# Research

> What we're thinking about and writing about.

## Research Focus

The work here is applied. We study the problems we hit while building and running agents, then we write up what we learn. Less paper-style research, more field notes. The questions that interest us are the ones that come back every week, in different shapes, in different projects.

## Agent Runtime Design

What's the right shape for an agent as a software component? Stateless agents are easier to reason about and easier to scale. Stateful agents do more interesting work but are harder to audit. There's no universal answer, but the tradeoff shows up every time, and most projects pick badly on the first pass and pay for it later. The agent manifests on this site try to make the tradeoff explicit by declaring the fields that actually matter: entrypoint, runtime, tools, inputs, outputs, SLOs.

The piece we keep coming back to is failure handling. When does an agent retry? When does it escalate? When does it stop and wait for a human? Most agent frameworks don't take this seriously enough, which is wild given that "what to do when you're confused" is roughly the whole point of having an agent.

## Content-Addressed Agent Memory

CDRcache is the experiment here.
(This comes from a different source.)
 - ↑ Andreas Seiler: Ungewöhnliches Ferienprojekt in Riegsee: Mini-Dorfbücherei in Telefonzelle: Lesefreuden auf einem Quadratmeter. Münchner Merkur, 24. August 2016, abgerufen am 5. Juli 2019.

If an agent's output is a deterministic function of its inputs, that output can be hashed and stored. You skip the rerun next time, and you get an audit trail for free. That's a pretty good deal if you can pull it off.
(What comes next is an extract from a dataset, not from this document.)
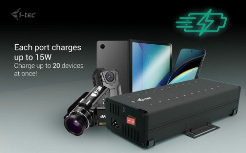 This modern HUB offers 20 USB-C with Plug & Play functionality and up to 15W charging per port. With 20 USB ports, the HUB can charge up to 20 devices at once.At the same time, the ports allow data transfer: two USB ports (1 and 11) allow 5 Gbps transfer and the remaining ports support speeds up to 480 Mbps (USB 2.0).

The open questions are the ones you'd expect. What about agents that aren't fully deterministic, which is most of them? How do you invalidate cache entries when the underlying model or tool changes? When is the audit trail more valuable than the cache hit, and when is it the other way around? We don't have clean answers yet. We have working code and a growing list of cases where caching helped and a smaller list of cases where it hurt.

## Dual-Mode Web Infrastructure

Most websites are designed for humans. Agents browsing those sites have to parse around navigation chrome, ads, and layout to get to the content. That's slow, expensive in tokens, and error-prone. The fix is to serve the same content twice, in different shapes: HTML for people, JSON or Markdown for machines, with content negotiation so each visitor gets what they actually want.

This site is the implementation we keep iterating on. The `/.well-known/agent.json` convention is one half of the story. Content negotiation is the other. Neither is novel by itself. The interesting part is making both work in one codebase without compromise to either side.

## Minimal Agent Footprint

What's the smallest set of capabilities an agent needs to do its job? Permissions should be tight enough that an agent can't take an action it wasn't authorized for. Catching mistakes after the fact isn't enough, especially when the mistakes involve writing to a database or talking to a customer or moving money.

This is mostly an interface design problem. If your API makes the dangerous action just as easy as the safe action, agents will sometimes take the dangerous one. If the dangerous action requires extra ceremony, they mostly won't. We're interested in what that ceremony looks like in practice.

## Observability for AI Systems

Logs, metrics, and traces were built for deterministic software, where the same input produces the same output and you can replay a failure with confidence. Agent behavior is emergent. Context windows are large. The usual tooling doesn't quite fit.

We're working through what to log, at what granularity, and how to structure it so both a person reviewing an incident and another agent doing analysis can use it. The answer probably isn't "more logs." It's logs designed for the specific failure modes that agents have, which aren't the failure modes traditional services have.